Friday, Jun. 02, 1961

New Air Chief

Nominated last week as the next Air Force Chief of Staff, after years of public and Pentagon wondering if he would ever make the grade: General Curtis Emerson LeMay, 54, a bulky (5 ft. 10 1/2 in., 185 lbs.), cigar-smoking Ohio State graduate* whose brusque personality and bluntly voiced military philosophy have often stirred more public notice than have his real and remarkable abilities.

Curt LeMay is not much of a hand for chitchat. When his aides, in reporting, begin to stray from the subject at hand, Curt is certainly curt: "Stop, you're talking nonsense." Recently subjected to an interview by a Washington pundit who seemed more anxious to make speeches than to ask questions, LeMay interrupted: "If you know all the damned answers, then what are you doing here?" LeMay is as hard-boiled a disciplinarian as exists in the high command of the U.S. armed forces. But he is renowned for backing his men when they make understandable mistakes--so long as the same mistake is never made twice. Off duty, he carries long-range, single-side-band ham radio gear on trips, collects guns, drives a Mercedes 3005L and hunts big game.
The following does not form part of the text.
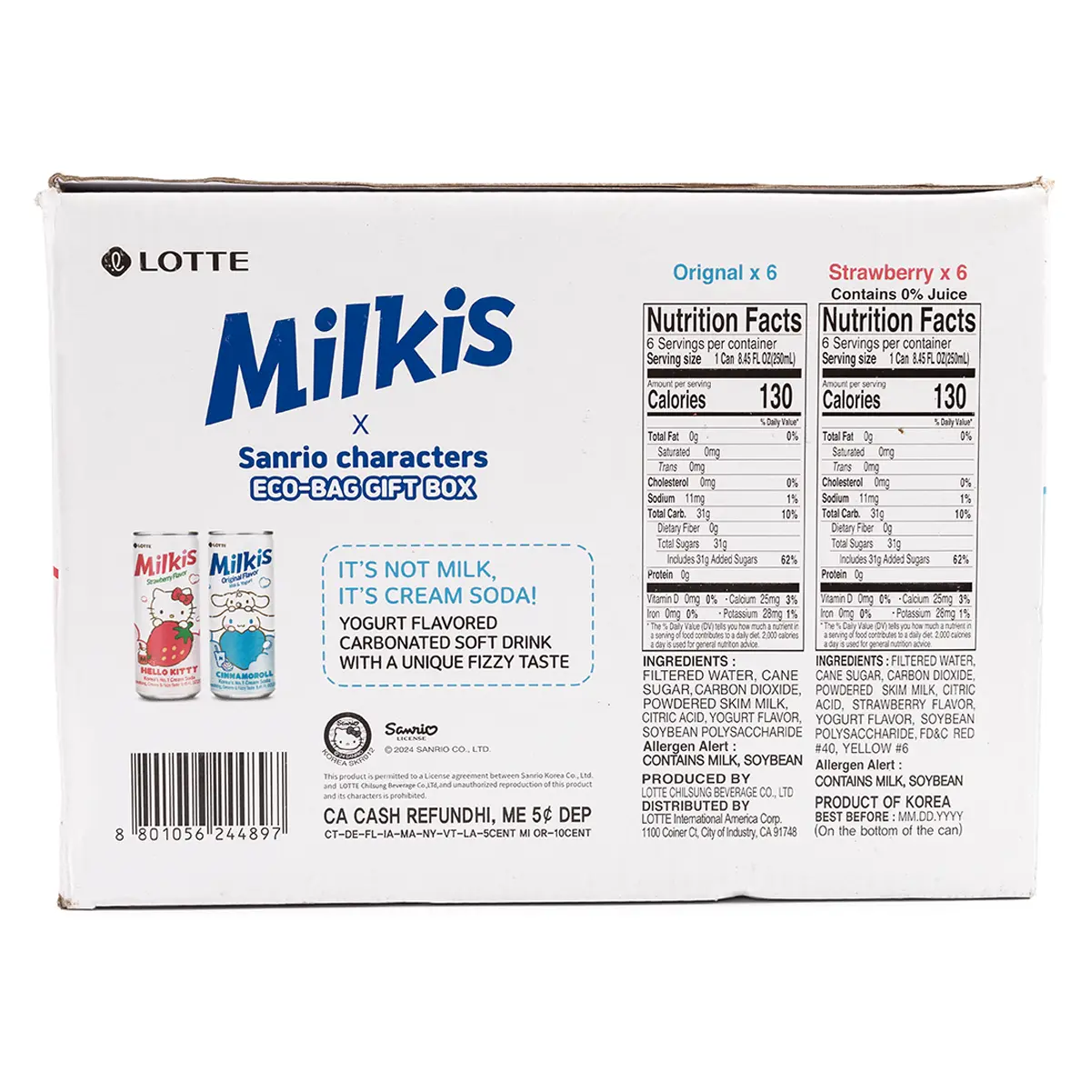The item was delivered in a few days and in great condition. I love the free Hello Kitty tote bag that comes with it. Milkis tastes good and highly recommended.

Grabbing the Controls. LeMay's military record is distinguished. (Among his many medals: the D.S.C., Silver Star, D.F.C.) He was, and is, a big-bomber man. At 37 he was one of the youngest two-star generals in World War II. He executed new and now classic bombing tactics with the B-17 group he directed from England against German targets. A bit later, he moved into the Far Eastern theater, risked his career by ordering his B-29 pilots to strike from the Marianas against Japanese cities at previously unheard-of low altitudes for the huge planes. In the first such raid, on March 10, 1945, 300 planes burned out 256,010 Tokyo buildings. LeMay then helped plan the world's first atomic destruction at Hiroshima and Nagasaki.

After the shooting war, LeMay entered the cold war, supervising the Berlin airlift and frequently piloting cargo planes himself. (He still grabs the controls of a jet whenever he can.) In 1948 he returned to the U.S. to take command of the Strategic Air Command--the force of nuclear-armed intercontinental bombers that was, and in operational terms remains, the nation's most effective deterrent against all-out atomic war.
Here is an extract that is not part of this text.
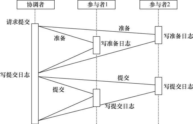 在CBASE的分布式事务引擎实现中,采用如图3所示的优化的两阶段提交,保证事务的强一致性。当无故障时,该协议实现比较简单;但当发生故障时,如服务器下线、消息丢失或网络故障,采用超时动作防止进程无限阻塞,因此协议实现时,在进程可能阻塞的每一步都加入超时动作。在最坏的情况下,两阶段提交协议在执行过程中可能出现任意多次服务器故障和通信故障,并造成参与者很长时间停留在不确定状态上,这就是未决事务。

Breaking the Dishes? Four years ago--after a nearly ten-year command--LeMay left SAC, moved into the Pentagon as Air Force Vice Chief of Staff. There was a lot of conjecture about the move. LeMay, it was agreed, was a superb field commander. But within the confines of the Pentagon, he would surely break up a lot of policy dishes.

It did not work out that way. LeMay mostly kept his mouth shut in public. In private, he argued tirelessly against the U.S.'s cutting down too sharply on SAC in favor of missiles. In fact he sometimes sounded like the Air Force equivalent of a battleship admiral. He once told friends: "I have ten items on my priority list, and missiles are the tenth--and that's only because I can't think of anything else to put on my list." What he really meant, and proved by his actions and recommendations, was that missiles were dandy--but, as a weapon so far untested in war, they should not be accepted at the expense of manned bombers. His favorite theory of "counterforce"--the ability to have enough power left to win a war after an enemy's atomic aggression--calls for "a carefully prepared, maintained, modernized and controlled blend of strategic weapons.'' That includes both SAC's manned bombers and missiles as they become operational. Presumably, it was on that basis that President Kennedy selected Curt LeMay to succeed Air Force Staff Chief Thomas White come June 30.

*He will be the first Air Force Chief of Staff who did not graduate from West Point.